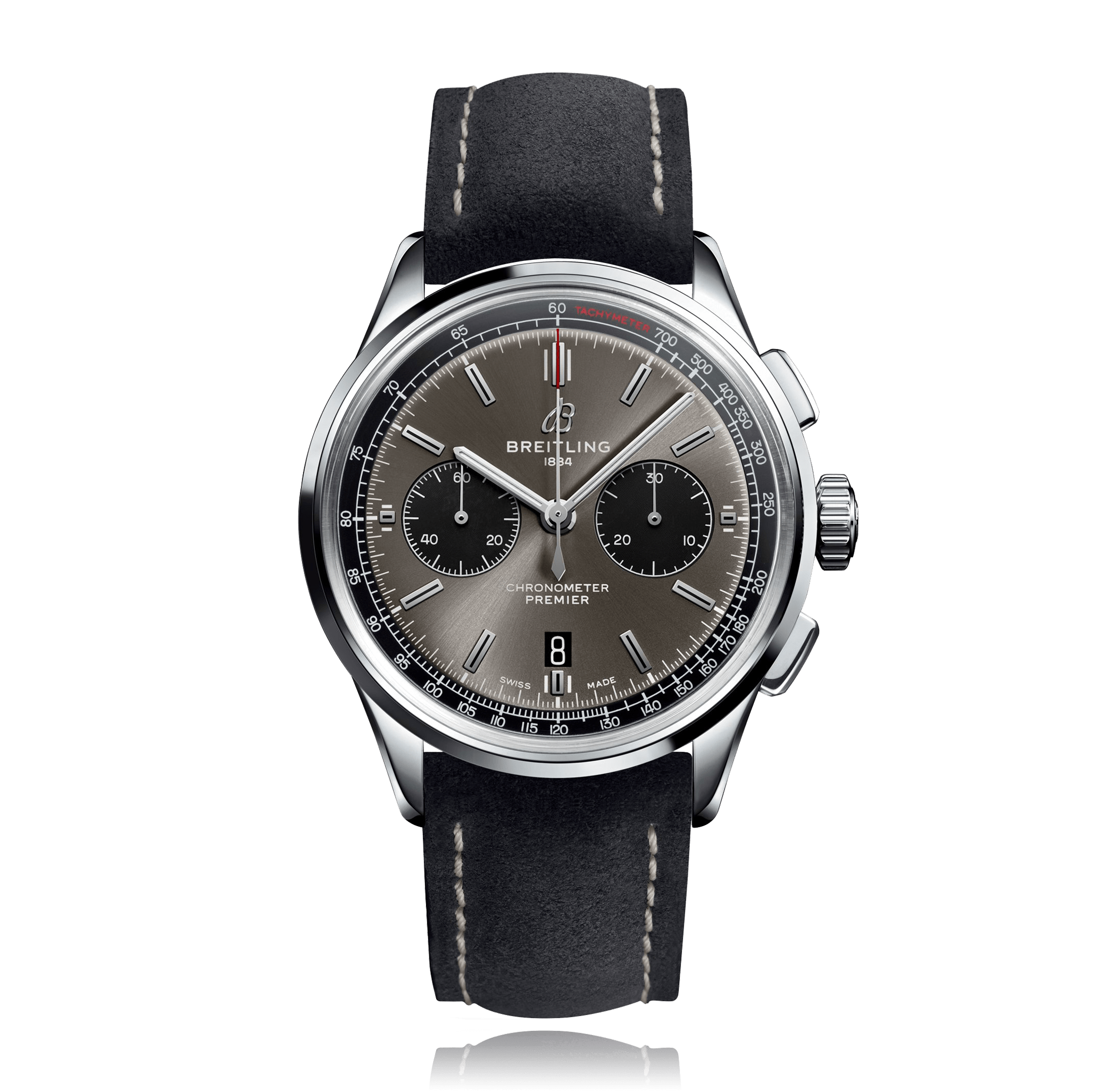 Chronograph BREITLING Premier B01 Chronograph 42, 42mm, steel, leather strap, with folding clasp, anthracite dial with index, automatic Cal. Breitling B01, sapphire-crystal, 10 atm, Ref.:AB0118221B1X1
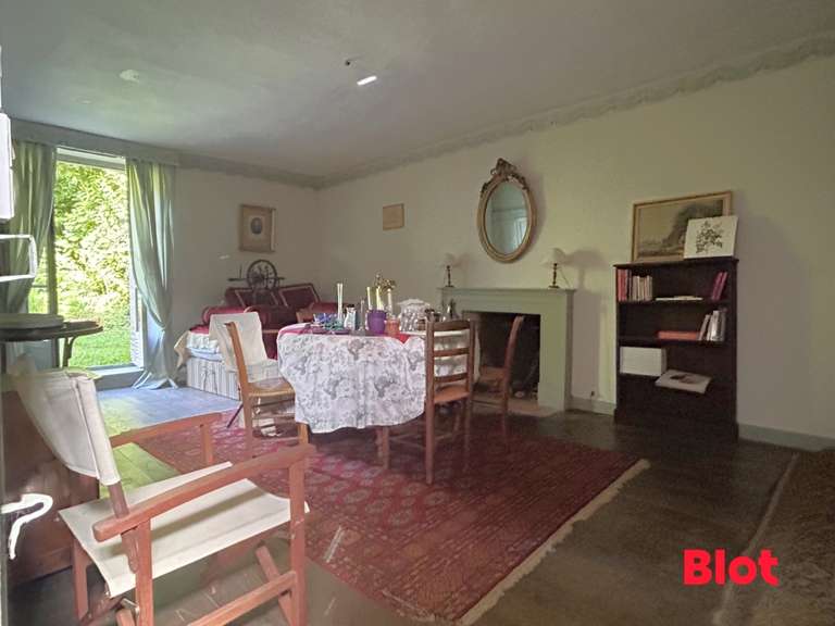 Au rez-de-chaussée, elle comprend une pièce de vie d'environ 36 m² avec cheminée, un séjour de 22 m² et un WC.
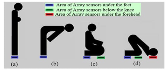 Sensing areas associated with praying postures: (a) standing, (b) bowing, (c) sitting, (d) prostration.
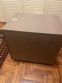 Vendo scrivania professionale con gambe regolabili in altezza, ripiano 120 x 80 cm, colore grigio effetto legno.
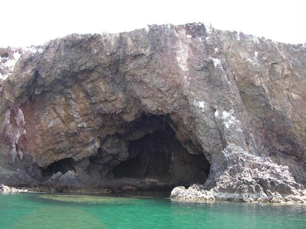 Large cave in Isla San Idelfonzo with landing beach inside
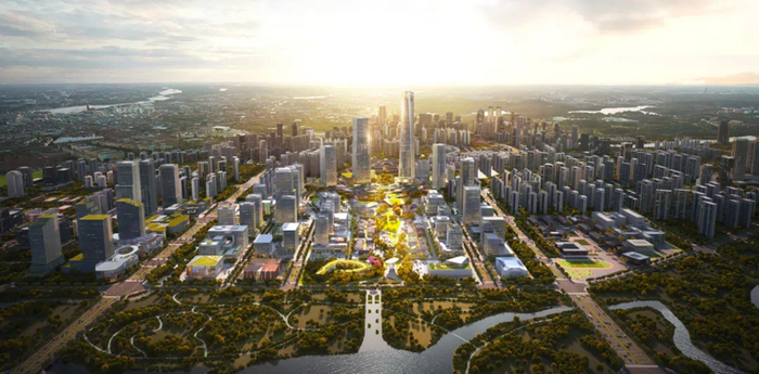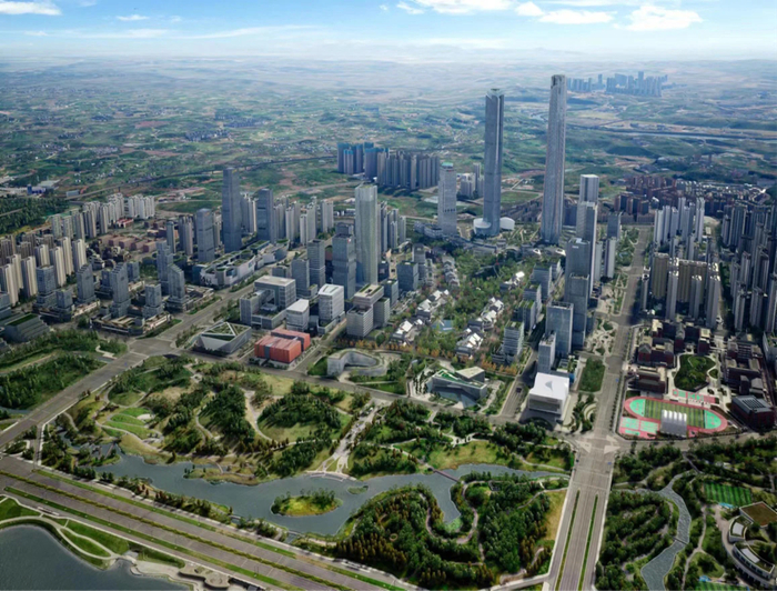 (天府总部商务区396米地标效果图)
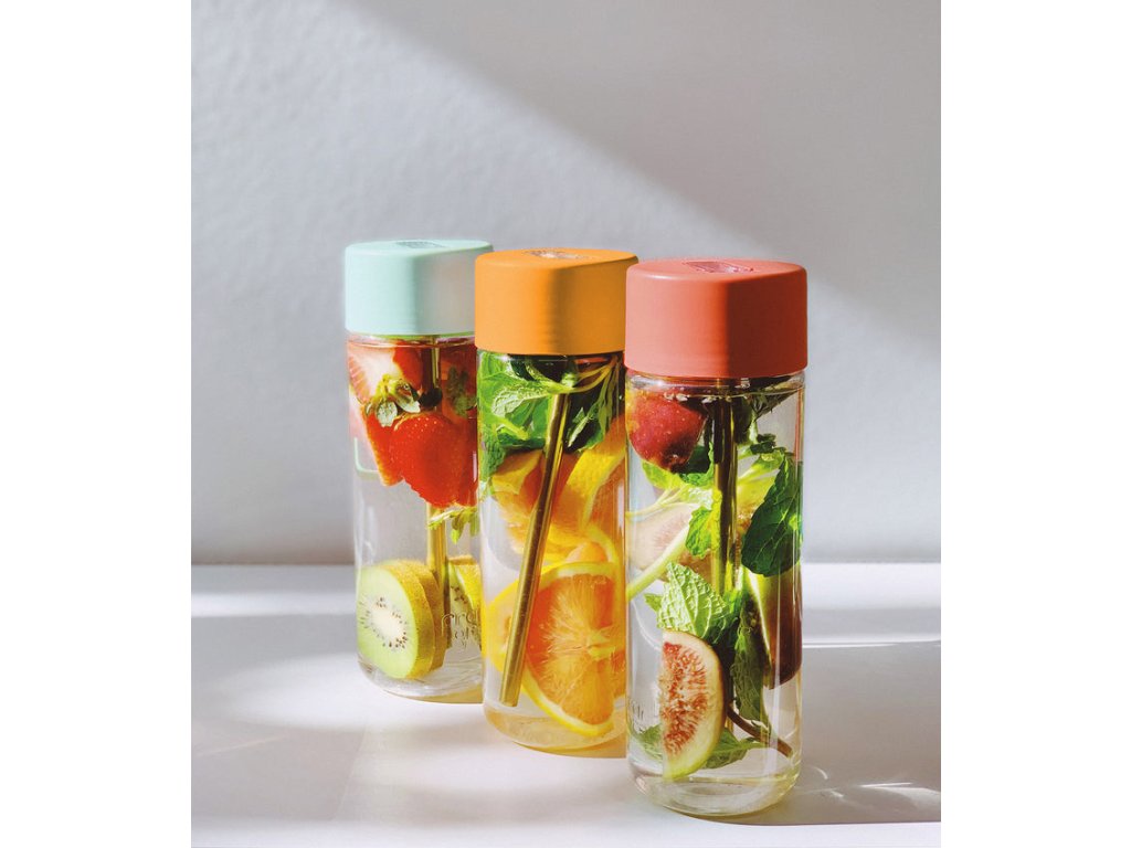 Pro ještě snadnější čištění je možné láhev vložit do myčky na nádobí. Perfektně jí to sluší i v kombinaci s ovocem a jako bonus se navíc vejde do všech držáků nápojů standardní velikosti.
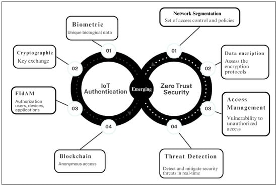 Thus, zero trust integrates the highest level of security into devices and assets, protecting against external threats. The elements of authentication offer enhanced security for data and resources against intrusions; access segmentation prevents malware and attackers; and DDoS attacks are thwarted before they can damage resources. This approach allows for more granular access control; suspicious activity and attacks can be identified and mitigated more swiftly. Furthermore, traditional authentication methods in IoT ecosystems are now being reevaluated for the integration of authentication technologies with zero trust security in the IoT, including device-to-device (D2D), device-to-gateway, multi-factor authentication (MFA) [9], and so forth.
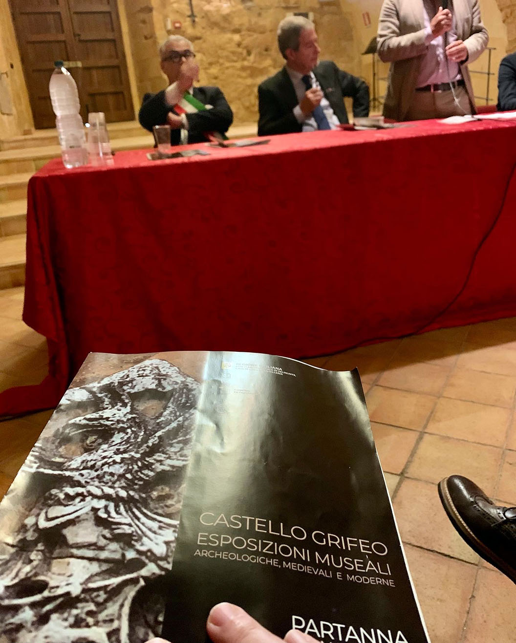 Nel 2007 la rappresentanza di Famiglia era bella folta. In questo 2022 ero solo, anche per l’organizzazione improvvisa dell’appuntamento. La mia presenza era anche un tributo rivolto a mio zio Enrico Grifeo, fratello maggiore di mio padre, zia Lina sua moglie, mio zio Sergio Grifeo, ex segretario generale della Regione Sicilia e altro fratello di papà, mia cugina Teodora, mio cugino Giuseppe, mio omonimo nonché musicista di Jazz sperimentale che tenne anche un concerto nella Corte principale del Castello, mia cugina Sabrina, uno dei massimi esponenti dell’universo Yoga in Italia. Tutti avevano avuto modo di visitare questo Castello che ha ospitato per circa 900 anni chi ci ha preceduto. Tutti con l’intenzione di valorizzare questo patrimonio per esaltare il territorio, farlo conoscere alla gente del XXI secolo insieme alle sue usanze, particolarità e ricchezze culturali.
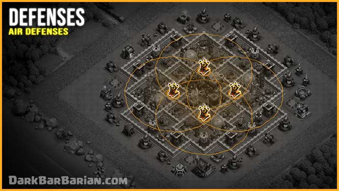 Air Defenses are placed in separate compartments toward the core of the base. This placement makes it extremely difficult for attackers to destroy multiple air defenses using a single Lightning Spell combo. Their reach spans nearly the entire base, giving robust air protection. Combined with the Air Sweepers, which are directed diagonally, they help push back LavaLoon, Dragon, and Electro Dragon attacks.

---------------

*What this task involves*:
Set down each entry again exactly as written. Pictures stay out.

*Exercise output*:
 Chronograph BREITLING Premier B01 Chronograph 42, 42mm, steel, leather strap, with folding clasp, anthracite dial with index, automatic Cal. Breitling B01, sapphire-crystal, 10 atm, Ref.:AB0118221B1X1
 Au rez-de-chaussée, elle comprend une pièce de vie d'environ 36 m² avec cheminée, un séjour de 22 m² et un WC.
 Sensing areas associated with praying postures: (a) standing, (b) bowing, (c) sitting, (d) prostration.
 Vendo scrivania professionale con gambe regolabili in altezza, ripiano 120 x 80 cm, colore grigio effetto legno.
 Large cave in Isla San Idelfonzo with landing beach inside
 (天府总部商务区396米地标效果图)
 Pro ještě snadnější čištění je možné láhev vložit do myčky na nádobí. Perfektně jí to sluší i v kombinaci s ovocem a jako bonus se navíc vejde do všech držáků nápojů standardní velikosti.
 Thus, zero trust integrates the highest level of security into devices and assets, protecting against external threats. The elements of authentication offer enhanced security for data and resources against intrusions; access segmentation prevents malware and attackers; and DDoS attacks are thwarted before they can damage resources. This approach allows for more granular access control; suspicious activity and attacks can be identified and mitigated more swiftly. Furthermore, traditional authentication methods in IoT ecosystems are now being reevaluated for the integration of authentication technologies with zero trust security in the IoT, including device-to-device (D2D), device-to-gateway, multi-factor authentication (MFA) [9], and so forth.
 Nel 2007 la rappresentanza di Famiglia era bella folta. In questo 2022 ero solo, anche per l’organizzazione improvvisa dell’appuntamento. La mia presenza era anche un tributo rivolto a mio zio Enrico Grifeo, fratello maggiore di mio padre, zia Lina sua moglie, mio zio Sergio Grifeo, ex segretario generale della Regione Sicilia e altro fratello di papà, mia cugina Teodora, mio cugino Giuseppe, mio omonimo nonché musicista di Jazz sperimentale che tenne anche un concerto nella Corte principale del Castello, mia cugina Sabrina, uno dei massimi esponenti dell’universo Yoga in Italia. Tutti avevano avuto modo di visitare questo Castello che ha ospitato per circa 900 anni chi ci ha preceduto. Tutti con l’intenzione di valorizzare questo patrimonio per esaltare il territorio, farlo conoscere alla gente del XXI secolo insieme alle sue usanze, particolarità e ricchezze culturali.
 Air Defenses are placed in separate compartments toward the core of the base. This placement makes it extremely difficult for attackers to destroy multiple air defenses using a single Lightning Spell combo. Their reach spans nearly the entire base, giving robust air protection. Combined with the Air Sweepers, which are directed diagonally, they help push back LavaLoon, Dragon, and Electro Dragon attacks.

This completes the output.